#### TASK INSTRUCTIONS
In the records below, repeat word for word only the lines starting at the one that contains "Le superfici sono" and ending at the one that contains "in eFootball 2026.", pictures excluded.

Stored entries
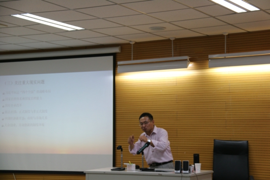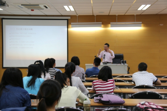 接下来就具体的论文写作,沈伯平教授讲了绪论、导论的写作,尤其强调了综述的重要性,并结合具体的问题,着重讲述了论文写作过程的注意事项及注释和参考文献的标注等。时政的结合和学术问题的探讨贯穿其中,其中对具体经济问题的分析,深入简出,鲜明活泼,不失趣味性又使同学们受益匪浅。
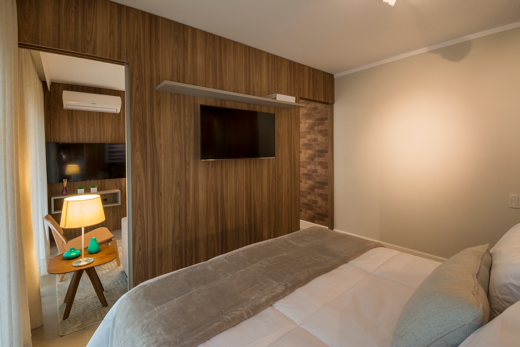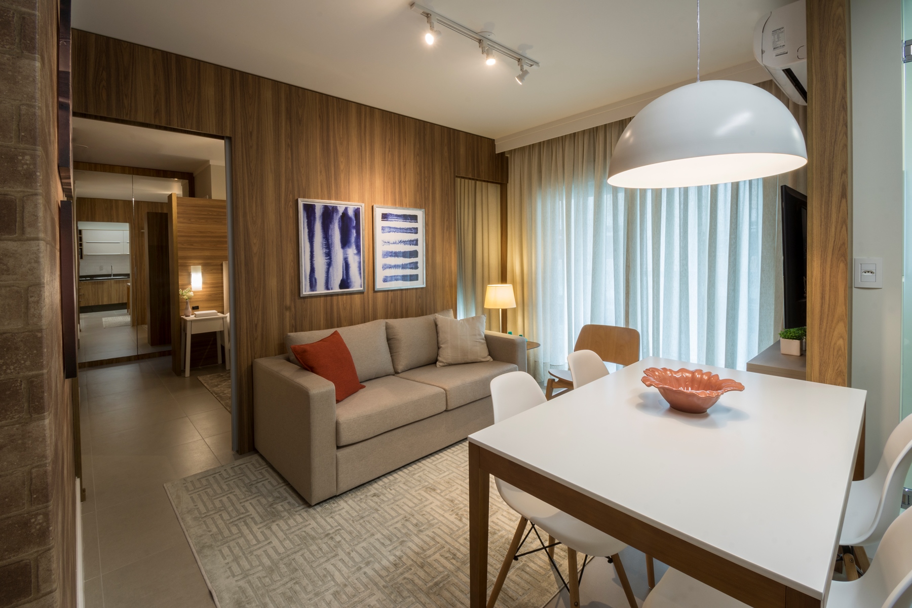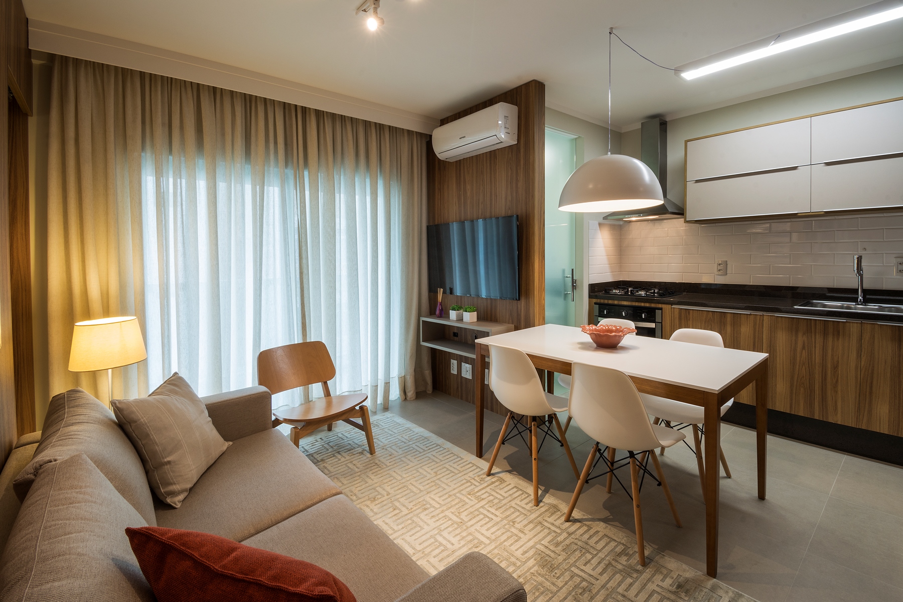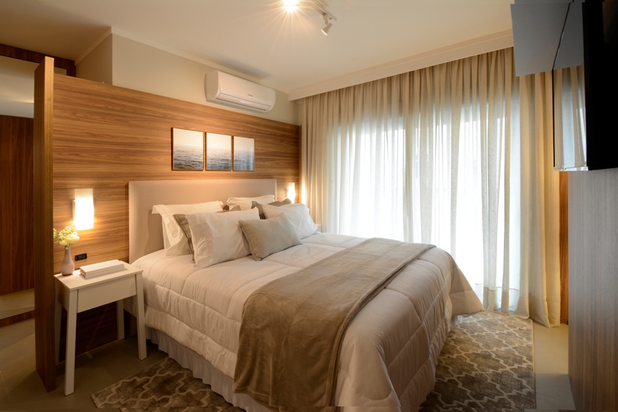 O aconchego do apartamento é garantido por uma boa dose de luz indireta e bem direcionada, destacando cada cantinho deste lindo eStúdio, com tapetes e cortinas de tecidos de tons crus e neutros que trazem naturalidade para o ambiente.
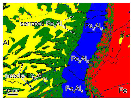 An interface region including the Al alloy, IMC layers and steel base metal was measured using EBSD phase mapping to obtain statistically significant phase information formed at the steel/Al alloy butt joints, as shown in Figure 9. The phase type of the IMC layers was accurately determined by Kikuchi patterns and the lattice constants using EBSD phase mapping performed at a selected rectangular zone near the middle part (plotted in Figure 5) of the Al/steel butt joints. The colors in phase mapping is based on a color-coded legend, in which the red, yellow, blue and green correspond to the α-Fe, α-Al, Fe2Al5, and Fe4Al13 phases, respectively. As shown in Table 2, the Fe4Al13 phase had a monoclinic unit cell with a = 15.49 Å, b = 8.08 Å, c = 12.48 Å, and β = 107.72°, and the Fe2Al5 phase had an orthorhombic crystal with lattice constants of a = 7.66 Å, b = 6.42 Å, c = 4.22 Å, and β = 90°, which is consistent with that of the previous studies [25,37]. Note that the Fe4Al13 phase here was the same as the equilibrium FeAl3 phase identified by preliminary EDS analysis. Figure 8 displays EBSD phase mapping of the IMC layers at the interface for the Al/steel butt joints obtained at a laser beam offset of 0.3 mm. According to Table 2 and Figure 8, the needle-like, serrated Fe4Al13 phase and lath Fe2Al5 phases were formed at the interface, which agrees with the early results obtained by Dybkov [38] and Shi et al. [37]. They have proposed that the reaction products are a solid solution based upon the Fe4Al13 and Fe2Al5 [15]. Therefore, by EDS and EBSD analysis, it can be confirmed that the IMC layers at the interface were composed of Fe4Al13 and Fe2Al5 phases.
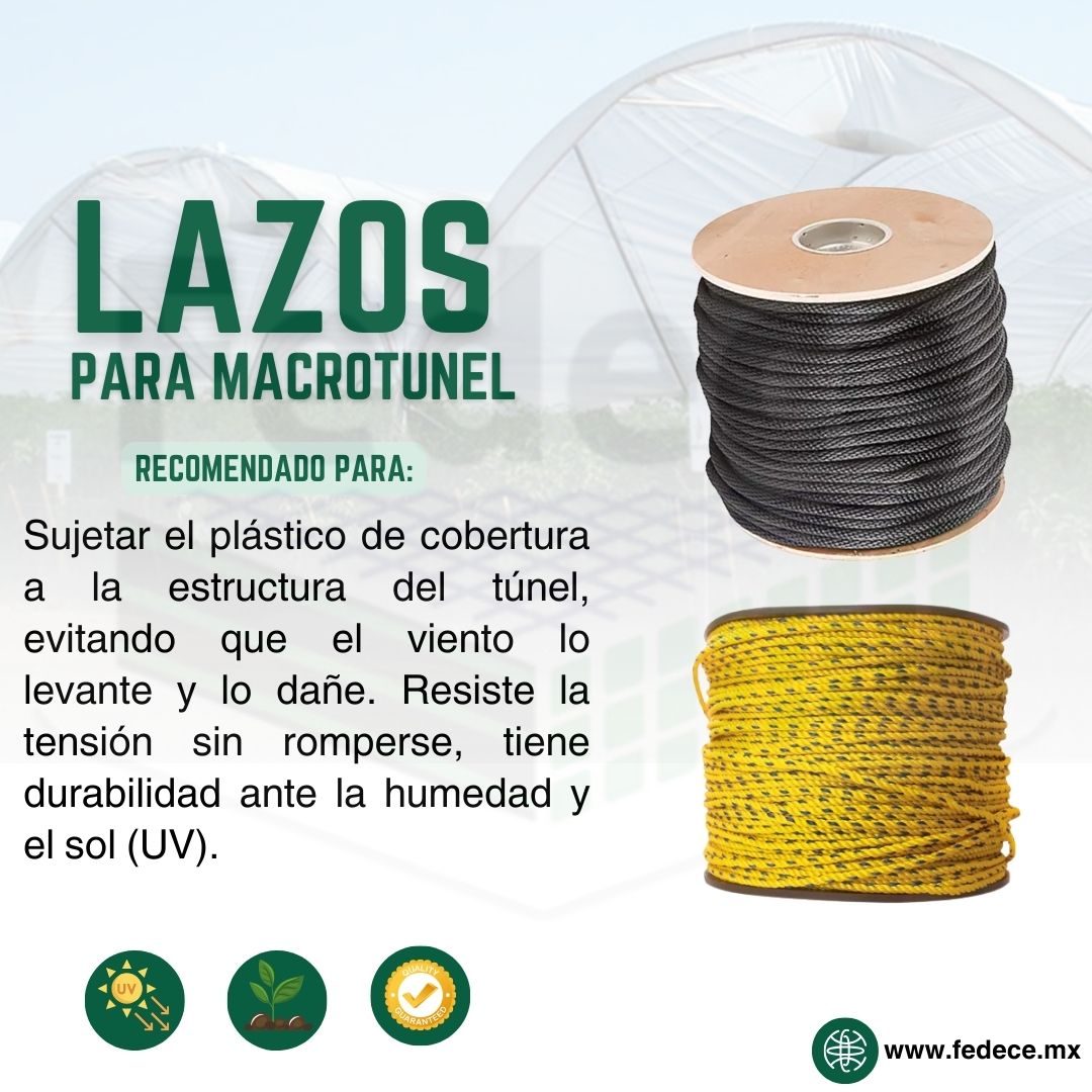 El mecate o lazo son ideales para amarre, cuentan con aditivo UV en algunos calibres. Se puede fabricar el calibre y colores que necesite.
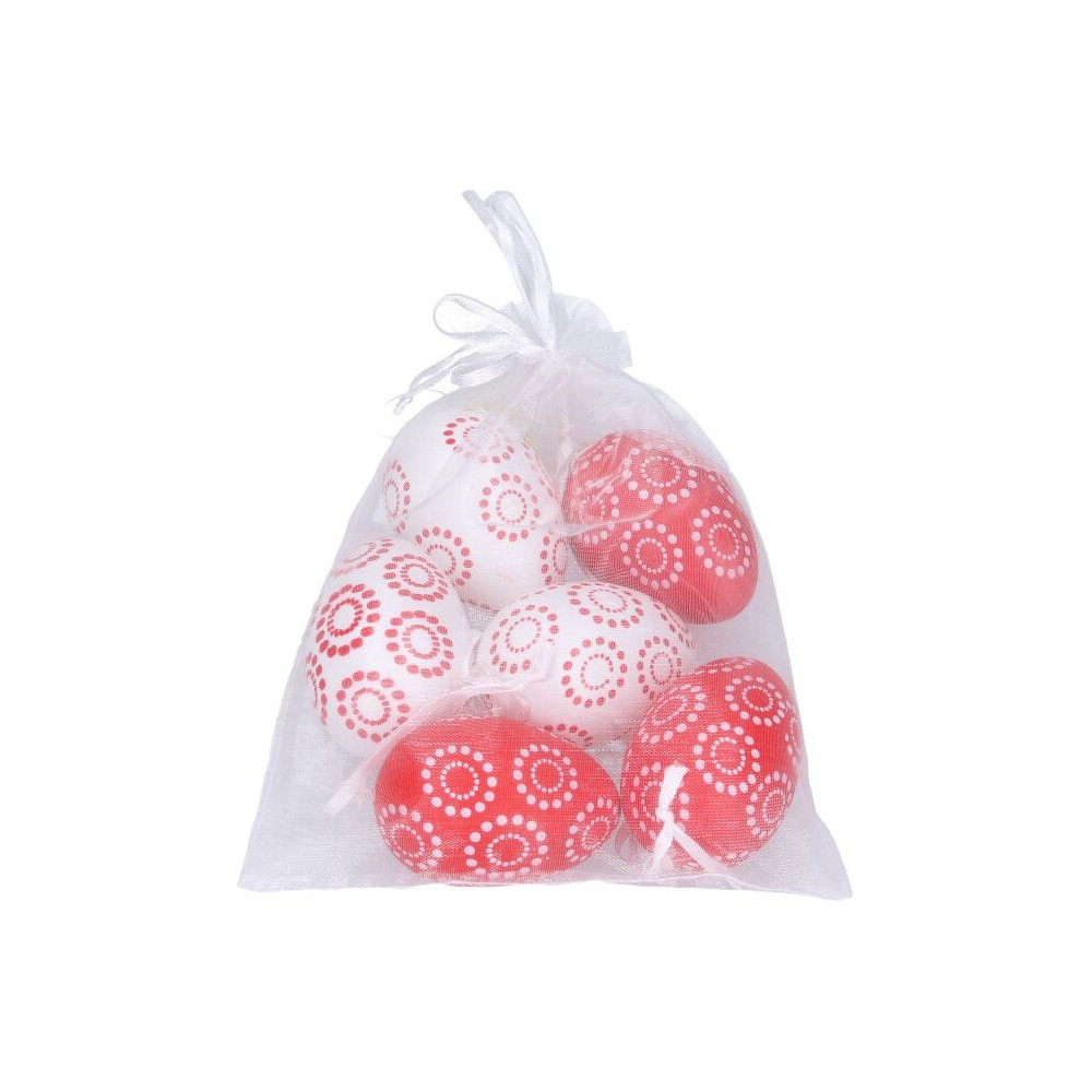Dekorační plastová vajíčka v praktickém organza sáčku. V balení je dohromady 6 různě malovaných vajíček v červenobílé barvě.Materiál: plastRozměr: vajíčko 4 x 6 cm
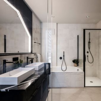 Le superfici sono a contrasto: la quarzite nera “Noirblanc” di Antolini è stata impiegata per il piano della cucina, del mobile bar e per il coffee table, mentre per il tavolo da pranzo i progettisti hanno scelto la quarzite bianca “Montblanc” di Favorita. Il bianco torna anche nelle superfici dei bagni, dove le piastrelle della collezione Flora di Bottega Nove riprendono come in una macrofotografia grandi foglie di palma polinesiana.
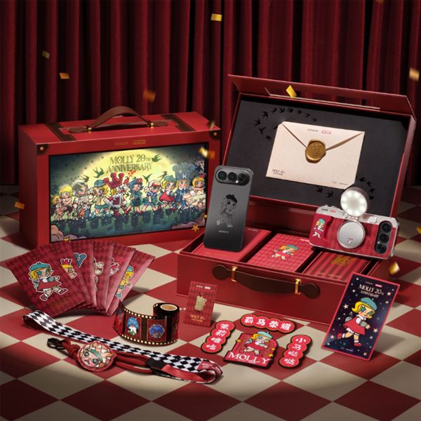 该机堪称联名天花板,机身背部印有经典的MOLLY小画家图案,并配备旅行箱造型的精致礼盒,礼盒正面印有MOLLY 20周年形象。
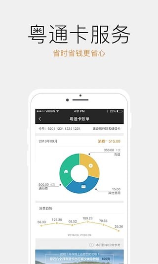 1、粤通卡服务-在线充值粤通卡,查询实时消费账单,首创高速消费提醒;一键绑定粤通卡,减去输入麻烦
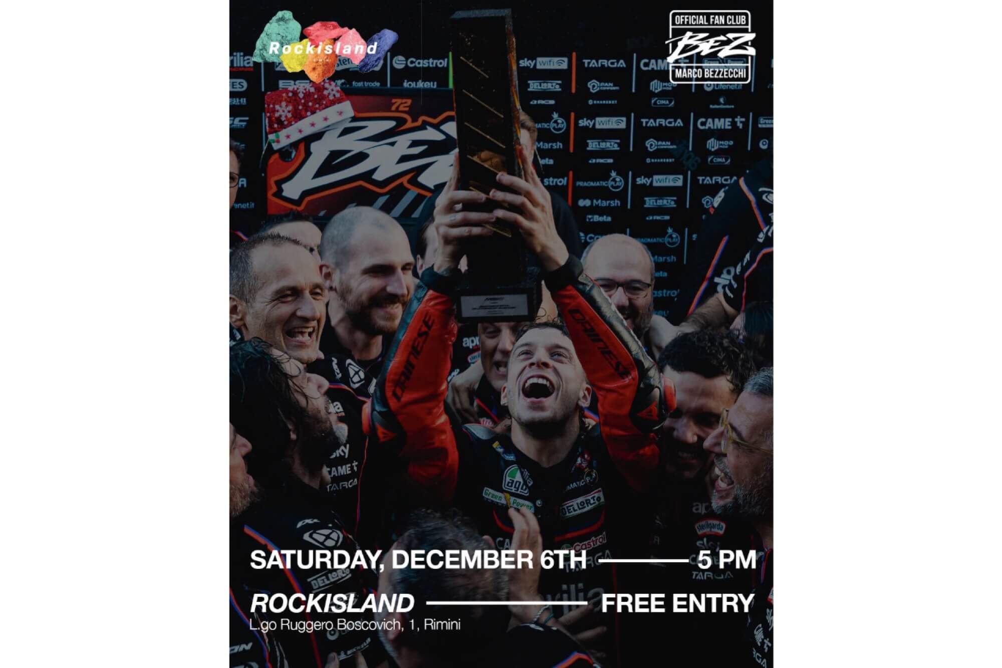 Dicembre 2025 - L’occasione è da non perdere: “Fan del Bez, tifosi di Aprilia Racing e amanti del motorsport: questo è l’evento che stavate aspettando! Siete tutti invitati a festeggiare la fantastica stagione di Marco! Scaldate i motori, il countdown è iniziato… manca pochissimo! Appuntamento sabato 6 dicembre al Rockisland Rimini (Largo Ruggero Boscovich 1, lungomare), alle 17:00.
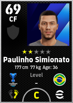 . Paulinho Simionato is a Center Forward footballer from Brazil who plays for Tai Po Fc in eFootball 2026.
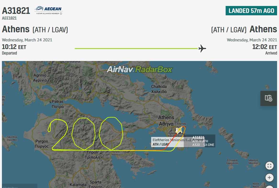 Με ένα Airbus Α320, με συμβολικό κωδικό Α3 1821, η Aegean τίμησε την Ελληνική Επανάσταση με “αεροπορικό” τρόπο. Έτσι η πτήση ξεκίνησε από το Ελ. Βενιζέλος, έφτασε στην Αχαΐα και από εκεί ξεκίνησε να σχηματίζει το 200 (ως αποτύπωμα του ίχνους της), πετώντας πάνω από την Αρχαία Ολυμπία, τα Καλάβρυτα, την Κόρινθο, το Άργος και τα Δερβενάκια.
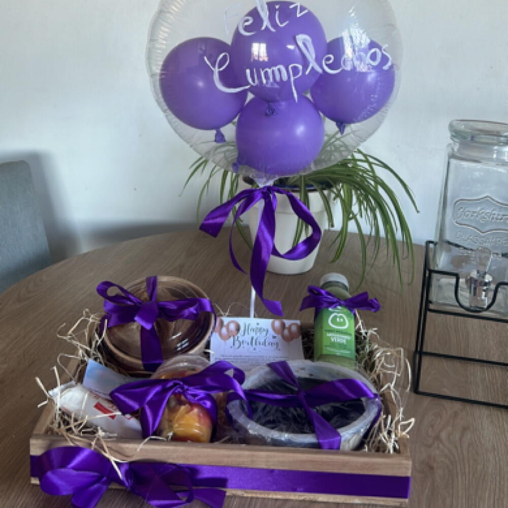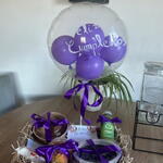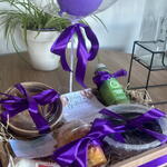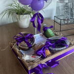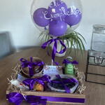воздушный шар - 1 шт. фруктовый салат - 1 шт. мини пастель - 1 шт. персонализированная открытка с посвящением - 1 шт. дополнительный поднос - 1 шт. сэндвич с ветчиной и сыром - 1 шт. шоколадные конфеты Раффаэлло - 3 шт. молочный коктейль - 1 шт.
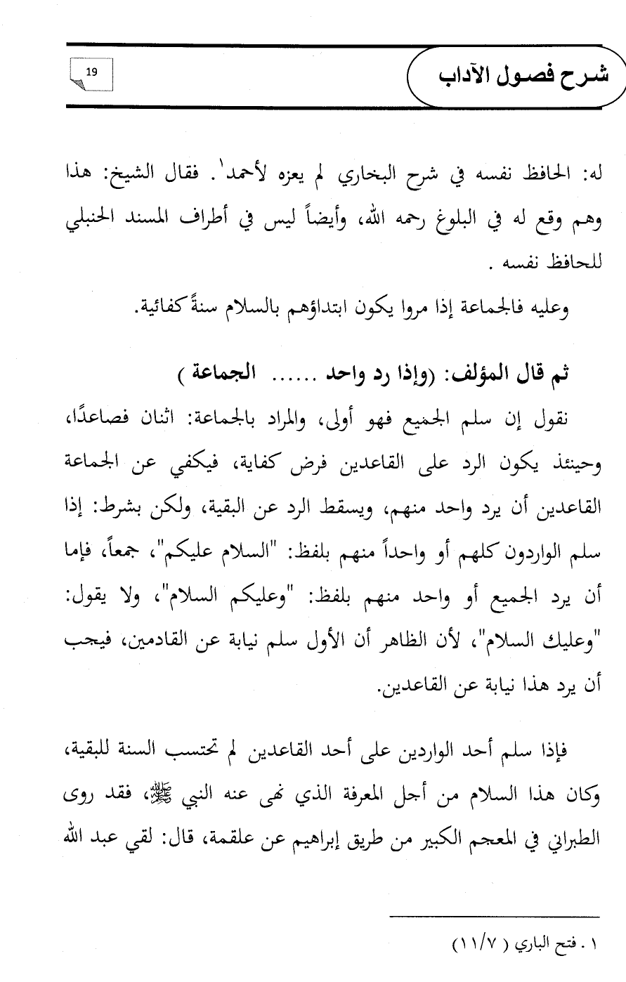 نقول إن سلم الجميع فهو أولى، والمراد بالجماعة: اثنان فصاعدًا, وحينئذ يكون الرد على القاعدين فرض كفاية, فيكفي عن الجماعة القاعدين أن يرد واحد منهم, ويسقط الرد عن البقية, ولكن بشرط: إذا سلم الواردون كلهم أو واحداً منهم بلفظ: "السلام عليكم", جمعاً, فإما أن يرد الجميع أو واحد منهم بلفظ: "وعليكم السلام", ولا يقول: "وعليك السلام", لأن الظاهر أن الأول سلم نيابة عن القادمين, فيجب أن يرد هذا نيابة عن القاعدين.
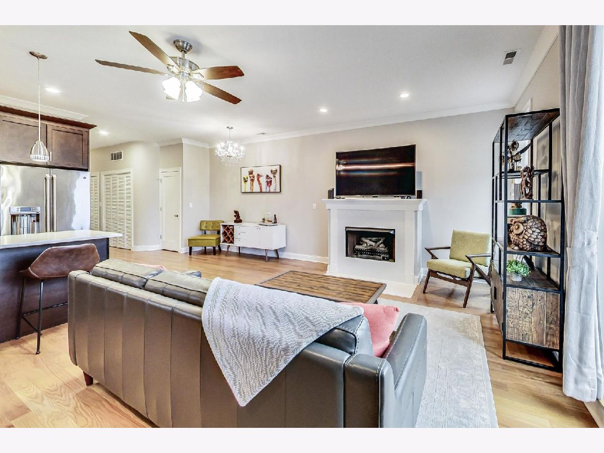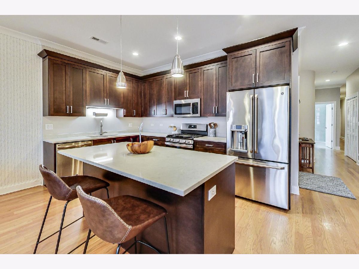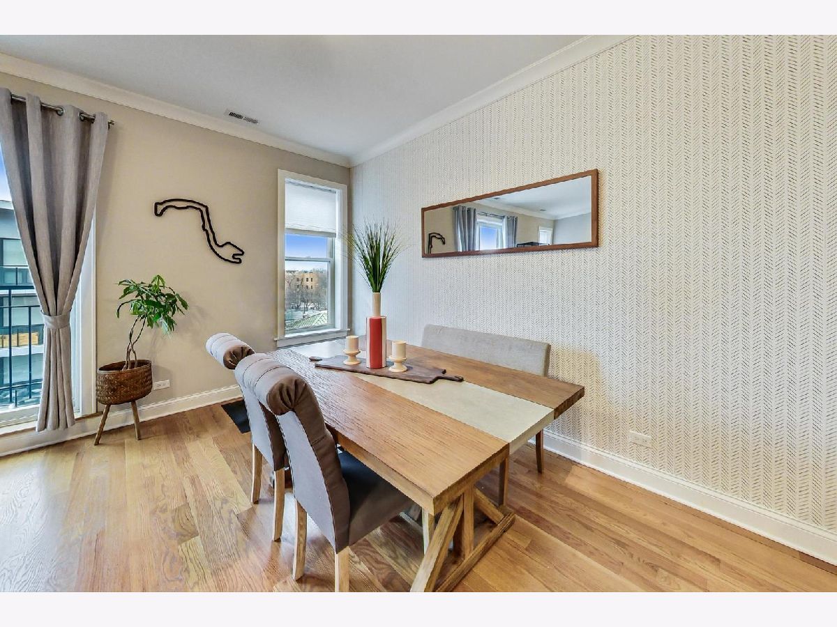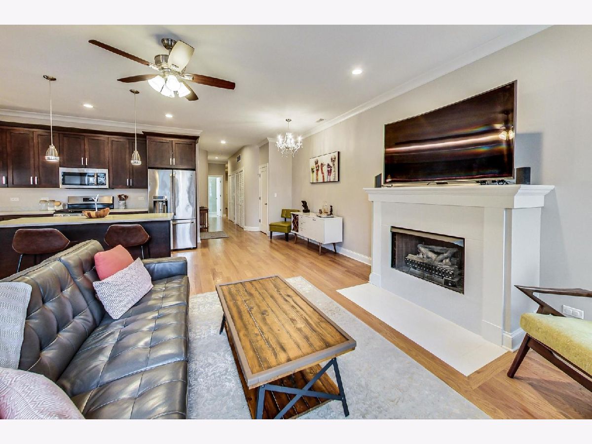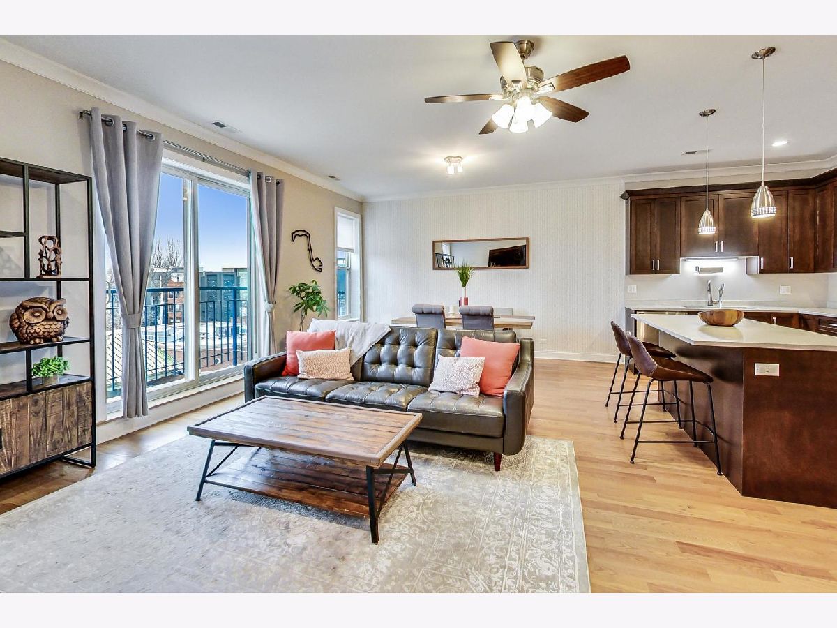 This is the unicorn you've been searching for! Perfect location, immense 1450+ sf floor plan, like-new finishes, and TOP FLOOR. Nothing to do but move in and enjoy! Completely rehabbed in 2017, this sunny penthouse stuns with soaring 9.5ft ceiling, beautiful hardwood floors throughout, cozy gas fireplace, and large dining area. High-end stainless kitchen has 42" cabinets, gorgeous quartz countertops, and island/breakfast bar combo. The extra wide hallway leads to a large 2nd bedroom, beautifully renovated 2nd bath, and your primary suite oasis. The luxurious king-sized suite boasts a spa-like rain shower, huge custom organized walk-in closet, brilliant skyline view, and a private covered patio for enjoying your morning coffee. Have the city at your fingertips with easy access to CTA (Damen and Chicago busses), and walk to parks, cafes, local boutiques, award-winning dining, and grocery. One gated parking space is included in price. Boutique HOA with healthy reserves. This one won't last!

#### EXPECTED OUTPUT
 Le superfici sono a contrasto: la quarzite nera “Noirblanc” di Antolini è stata impiegata per il piano della cucina, del mobile bar e per il coffee table, mentre per il tavolo da pranzo i progettisti hanno scelto la quarzite bianca “Montblanc” di Favorita. Il bianco torna anche nelle superfici dei bagni, dove le piastrelle della collezione Flora di Bottega Nove riprendono come in una macrofotografia grandi foglie di palma polinesiana.
 该机堪称联名天花板,机身背部印有经典的MOLLY小画家图案,并配备旅行箱造型的精致礼盒,礼盒正面印有MOLLY 20周年形象。
 1、粤通卡服务-在线充值粤通卡,查询实时消费账单,首创高速消费提醒;一键绑定粤通卡,减去输入麻烦
 Dicembre 2025 - L’occasione è da non perdere: “Fan del Bez, tifosi di Aprilia Racing e amanti del motorsport: questo è l’evento che stavate aspettando! Siete tutti invitati a festeggiare la fantastica stagione di Marco! Scaldate i motori, il countdown è iniziato… manca pochissimo! Appuntamento sabato 6 dicembre al Rockisland Rimini (Largo Ruggero Boscovich 1, lungomare), alle 17:00.
 . Paulinho Simionato is a Center Forward footballer from Brazil who plays for Tai Po Fc in eFootball 2026.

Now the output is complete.